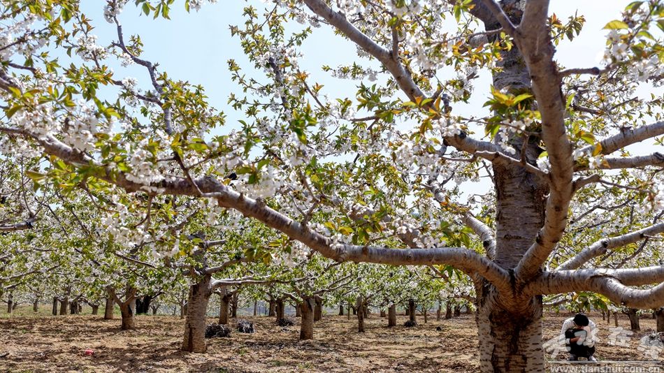 以花為媒,以果為橋。眼下,櫻桃花海美不勝收,果農(nóng)們搶抓花期,進行田間精心管護田間,悉心呵護繁花碩果,期盼著今年迎來更好的收成。
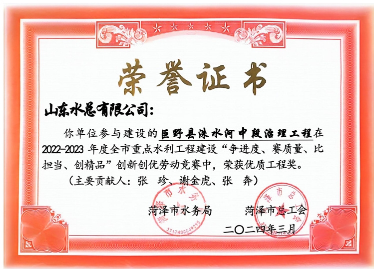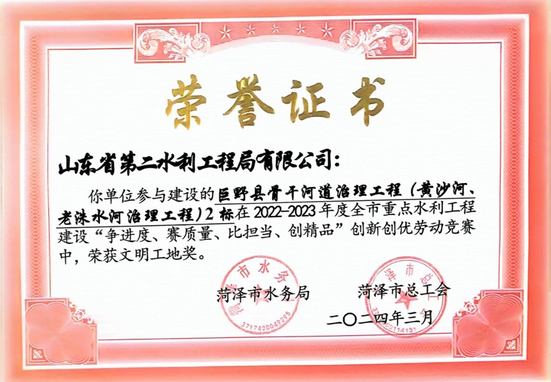 近日,菏泽市水务局、菏泽市总工会公布了“2022-2023年度全市重点水利工程建设“争进度、赛质量、比担当、创精品”创新创优劳动竞赛”获奖名单,完美体育唯一官网_完美体育(中国)体育官方网及权属单位二局有限完美体育唯一官网_完美体育(中国)体育官方网共荣获优质工程1项、文明工地2项、QC成果1项,优秀项目经理1项。
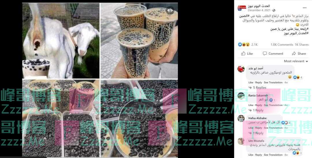 前段时间,脸书(Facebook)和阿拉伯语网络上流传一组图片称,因富含高蛋白质,羊粪在中国的需求大大增加,人们喜欢把它和果汁、豆浆搭配在一起喝。
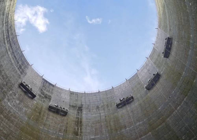 發(fā)電廠的冷卻塔是巨大的鋼結(jié)構(gòu),其主要功能是通過(guò)蒸發(fā)和對(duì)流來(lái)冷卻發(fā)電機(jī)組產(chǎn)生的熱水,從而保障發(fā)電效率并減少熱污染。冷卻塔內(nèi)部長(zhǎng)時(shí)間受到水汽和溫度變化的影響,內(nèi)壁可能會(huì)受損,影響其結(jié)構(gòu)穩(wěn)定性和冷卻效果,因此需要定期進(jìn)行加固和維護(hù)。
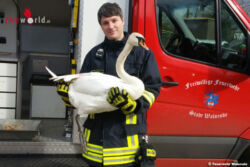 Dieser fällt wenig später den Baum, da dieses die einzige Möglichkeit war, an das Tier heran zu kommen. Im Anschluss brachte die Feuerwehr den verletzten Schwan zu einem Tierarzt und übergab ihn in dessen Obhut.
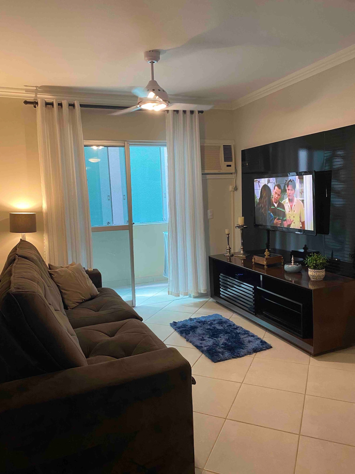 Apartamento Aconchegante com Sacada e Churrasqueira 🌊✨ Nosso apartamento é amplo, arejado e perfeito para quem busca conforto, ele possui: Um quarto com cama box de casal e ar-condicionado e um roupeiro; Sala de estar com TV Smart, Netflix e Wi-Fi, integrada à cozinha completa com todos os utensílios e eletrodomésticos que você precisa; Um banheiro; Uma sacada encantadora com vista panorâmica para a praia, com uma churrasqueira ideal para momentos de lazer.
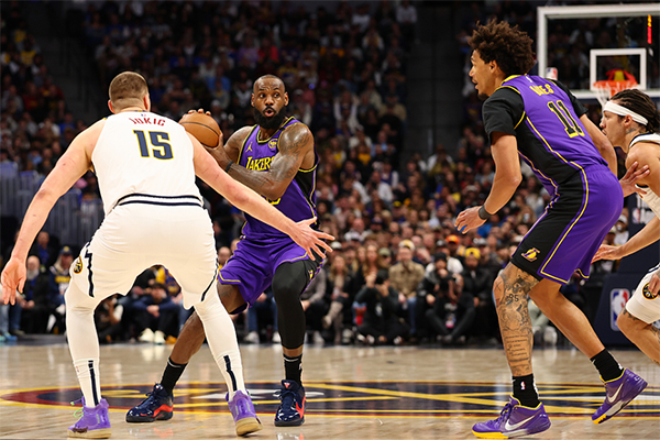 末节詹姆斯单核带队打出12-4攻势,湖人瞬间领先到17分,期间老詹撞开穆雷打成强硬2+1,疯狂抖肩庆祝;暂停回来,约基奇强攻不中,詹姆斯突破造犯规两罚全中,随后防守大帽小波特;老詹下场休息,东契奇抢断反击上篮以及高难度抛投命中,湖人领先20分打花比赛,掘金撤下主力提前认输,最终湖人拿到23分大胜,终结掘金的9连胜。
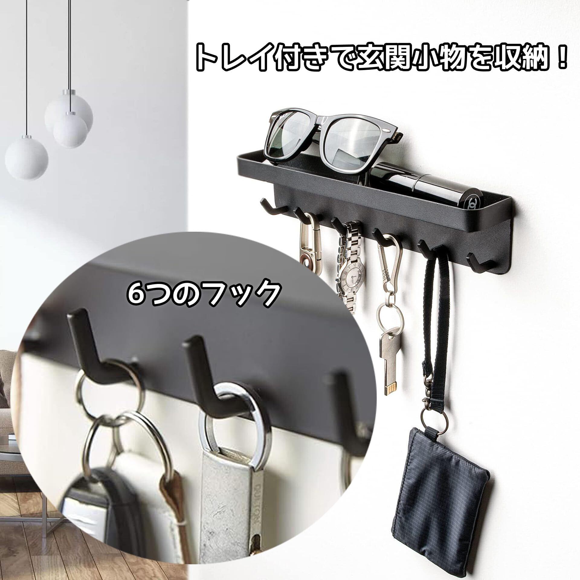 【新着商品】YWHWLX 壁掛けキーホルダー 6フック ステンレス キーフック ウォールハンガー キーフック & トレイ 壁掛け キーハンガー キーボックス 壁掛けフック 鍵置き 浴室 台所 玄関 鍵 印鑑 収納 トレイ付き | SmartLiving+
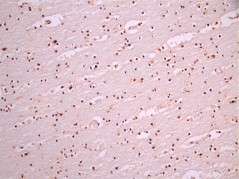 IHC image of CSB-RA982352A0HU diluted at 1:100 and staining in paraffin-embedded human brain tissue performed on a Leica BondTM system. After dewaxing and hydration, antigen retrieval was mediated by high pressure in a citrate buffer (pH 6.0). Section was blocked with 10% normal goat serum 30min at RT. Then primary antibody (1% BSA) was incubated at 4°C overnight. The primary is detected by a Goat anti-rabbit polymer IgG labeled by HRP and visualized using 0.05% DAB.
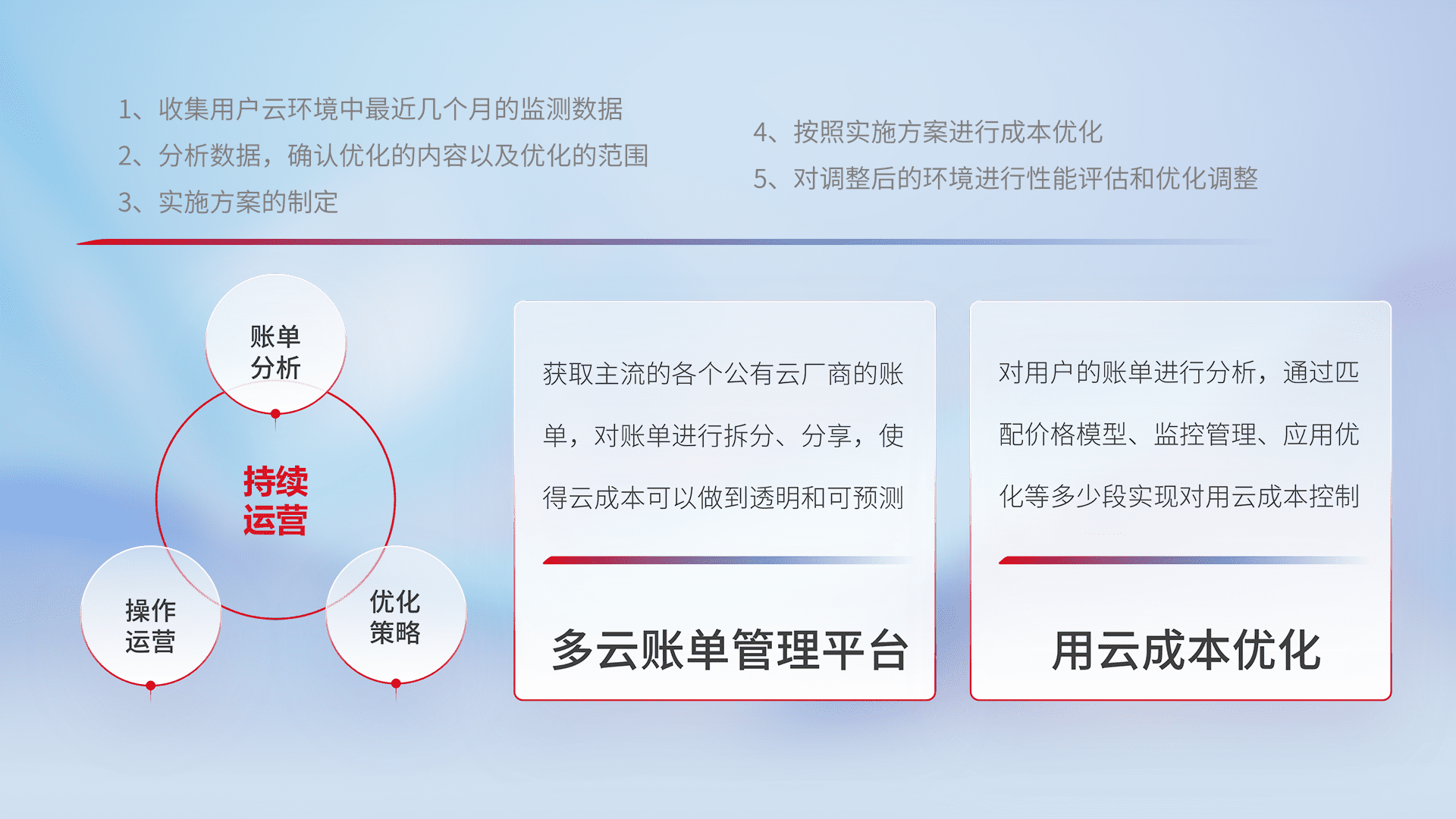 通过多云纳管,,以统一的资源数据模型把客户的云资源进行抽象和封装,,,进而实现对多云资源的统一操作,,保障云资源管理的可靠性、、稳定性与可用性。。。量身定制化运维内容,,,配置、、、、开发运维、、、、补丁管理、、备份、、监控、、认证和访问管理、、、、审计和日常巡检等,,保障在用云过程中的可靠度,,稳定度以及高可用率。。。。
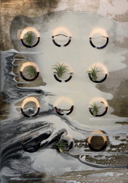 Mixed media, acrylic paint, acrylglas, resins, stainless steel, LED
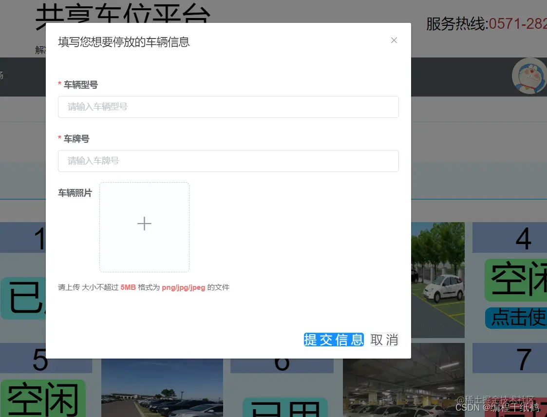 用户需要寻找车位停车时,登录本平台前台后,点击附近停车场,进入查看停车场列表页面如图5-12所示,选择一个停车场后进入该停车场内所有车位列表页面如图5-13所示,寻找一个空闲车位后点击使用按钮(也可以点击一键快速查找空闲车位),在弹窗中填写将要停放的车辆信息并提交后,就可以使用该车位了如图5-14所示。
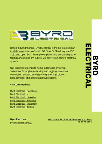 Based in Sandringham, Byrd Electrical is the go-to electrician in Melbourne area. We're at 1/52 Sims St, Sandringham VIC 3191 and open 24/7. From power points and pendant lights to fault diagnosis and TV outlets, we cover your home's electrical system.
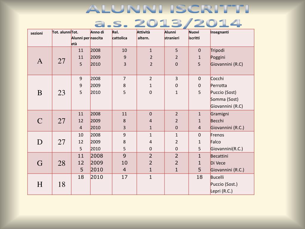 INIZIO LEZIONI: 11-09-2013 TERMINE LEZIONI PRIMARIA E SECONDARIA: 7-06-2014 TERMINE LEZIONI INFANZIA: 30-06-2014 TERMINE LEZIONI POMERIDIANE PRIMARIA: 06/06/2014 TERMINE LEZIONI POMERIDIANE SECONDARIA: 30/05/2014 VACANZE DI NATALE: dal 22-12-2013 al 6-01-2014 VACANZE DI PASQUA: dal 17/04 al 22/04 /2014 TUTTI I GIORNI FESTIVI E LE DOMENICHE 1 NOV 2013; 8 DICEMBRE 2013 25 APR. 2014; 1° MAGGIO 2014 e 2 GIU. 2014 LE LEZIONI SONO SOSPESE:2 NOV. 2013; 26 APR. 2014; 2 e 3 MAGGIO 2014 LA SCUOLA È CHIUSA NEI GIORNI: 24/12/2013; 31/12/2013; 19/04/2014; 16/08/2014 e il sabato nei mesi di luglio e agosto 173 giorni di scuola
* * * *
> [Exercise brief]:
Although the records contain pictures, your copy should hold only the text, reproduced exactly.

> [Answer area]:
 以花為媒,以果為橋。眼下,櫻桃花海美不勝收,果農(nóng)們搶抓花期,進行田間精心管護田間,悉心呵護繁花碩果,期盼著今年迎來更好的收成。
 近日,菏泽市水务局、菏泽市总工会公布了“2022-2023年度全市重点水利工程建设“争进度、赛质量、比担当、创精品”创新创优劳动竞赛”获奖名单,完美体育唯一官网_完美体育(中国)体育官方网及权属单位二局有限完美体育唯一官网_完美体育(中国)体育官方网共荣获优质工程1项、文明工地2项、QC成果1项,优秀项目经理1项。
 前段时间,脸书(Facebook)和阿拉伯语网络上流传一组图片称,因富含高蛋白质,羊粪在中国的需求大大增加,人们喜欢把它和果汁、豆浆搭配在一起喝。
 發(fā)電廠的冷卻塔是巨大的鋼結(jié)構(gòu),其主要功能是通過(guò)蒸發(fā)和對(duì)流來(lái)冷卻發(fā)電機(jī)組產(chǎn)生的熱水,從而保障發(fā)電效率并減少熱污染。冷卻塔內(nèi)部長(zhǎng)時(shí)間受到水汽和溫度變化的影響,內(nèi)壁可能會(huì)受損,影響其結(jié)構(gòu)穩(wěn)定性和冷卻效果,因此需要定期進(jìn)行加固和維護(hù)。
 Dieser fällt wenig später den Baum, da dieses die einzige Möglichkeit war, an das Tier heran zu kommen. Im Anschluss brachte die Feuerwehr den verletzten Schwan zu einem Tierarzt und übergab ihn in dessen Obhut.
 Apartamento Aconchegante com Sacada e Churrasqueira 🌊✨ Nosso apartamento é amplo, arejado e perfeito para quem busca conforto, ele possui: Um quarto com cama box de casal e ar-condicionado e um roupeiro; Sala de estar com TV Smart, Netflix e Wi-Fi, integrada à cozinha completa com todos os utensílios e eletrodomésticos que você precisa; Um banheiro; Uma sacada encantadora com vista panorâmica para a praia, com uma churrasqueira ideal para momentos de lazer.
 末节詹姆斯单核带队打出12-4攻势,湖人瞬间领先到17分,期间老詹撞开穆雷打成强硬2+1,疯狂抖肩庆祝;暂停回来,约基奇强攻不中,詹姆斯突破造犯规两罚全中,随后防守大帽小波特;老詹下场休息,东契奇抢断反击上篮以及高难度抛投命中,湖人领先20分打花比赛,掘金撤下主力提前认输,最终湖人拿到23分大胜,终结掘金的9连胜。
 【新着商品】YWHWLX 壁掛けキーホルダー 6フック ステンレス キーフック ウォールハンガー キーフック & トレイ 壁掛け キーハンガー キーボックス 壁掛けフック 鍵置き 浴室 台所 玄関 鍵 印鑑 収納 トレイ付き | SmartLiving+
 IHC image of CSB-RA982352A0HU diluted at 1:100 and staining in paraffin-embedded human brain tissue performed on a Leica BondTM system. After dewaxing and hydration, antigen retrieval was mediated by high pressure in a citrate buffer (pH 6.0). Section was blocked with 10% normal goat serum 30min at RT. Then primary antibody (1% BSA) was incubated at 4°C overnight. The primary is detected by a Goat anti-rabbit polymer IgG labeled by HRP and visualized using 0.05% DAB.
 通过多云纳管,,以统一的资源数据模型把客户的云资源进行抽象和封装,,,进而实现对多云资源的统一操作,,保障云资源管理的可靠性、、稳定性与可用性。。。量身定制化运维内容,,,配置、、、、开发运维、、、、补丁管理、、备份、、监控、、认证和访问管理、、、、审计和日常巡检等,,保障在用云过程中的可靠度,,稳定度以及高可用率。。。。
 Mixed media, acrylic paint, acrylglas, resins, stainless steel, LED
 用户需要寻找车位停车时,登录本平台前台后,点击附近停车场,进入查看停车场列表页面如图5-12所示,选择一个停车场后进入该停车场内所有车位列表页面如图5-13所示,寻找一个空闲车位后点击使用按钮(也可以点击一键快速查找空闲车位),在弹窗中填写将要停放的车辆信息并提交后,就可以使用该车位了如图5-14所示。
 Based in Sandringham, Byrd Electrical is the go-to electrician in Melbourne area. We're at 1/52 Sims St, Sandringham VIC 3191 and open 24/7. From power points and pendant lights to fault diagnosis and TV outlets, we cover your home's electrical system.
 INIZIO LEZIONI: 11-09-2013 TERMINE LEZIONI PRIMARIA E SECONDARIA: 7-06-2014 TERMINE LEZIONI INFANZIA: 30-06-2014 TERMINE LEZIONI POMERIDIANE PRIMARIA: 06/06/2014 TERMINE LEZIONI POMERIDIANE SECONDARIA: 30/05/2014 VACANZE DI NATALE: dal 22-12-2013 al 6-01-2014 VACANZE DI PASQUA: dal 17/04 al 22/04 /2014 TUTTI I GIORNI FESTIVI E LE DOMENICHE 1 NOV 2013; 8 DICEMBRE 2013 25 APR. 2014; 1° MAGGIO 2014 e 2 GIU. 2014 LE LEZIONI SONO SOSPESE:2 NOV. 2013; 26 APR. 2014; 2 e 3 MAGGIO 2014 LA SCUOLA È CHIUSA NEI GIORNI: 24/12/2013; 31/12/2013; 19/04/2014; 16/08/2014 e il sabato nei mesi di luglio e agosto 173 giorni di scuola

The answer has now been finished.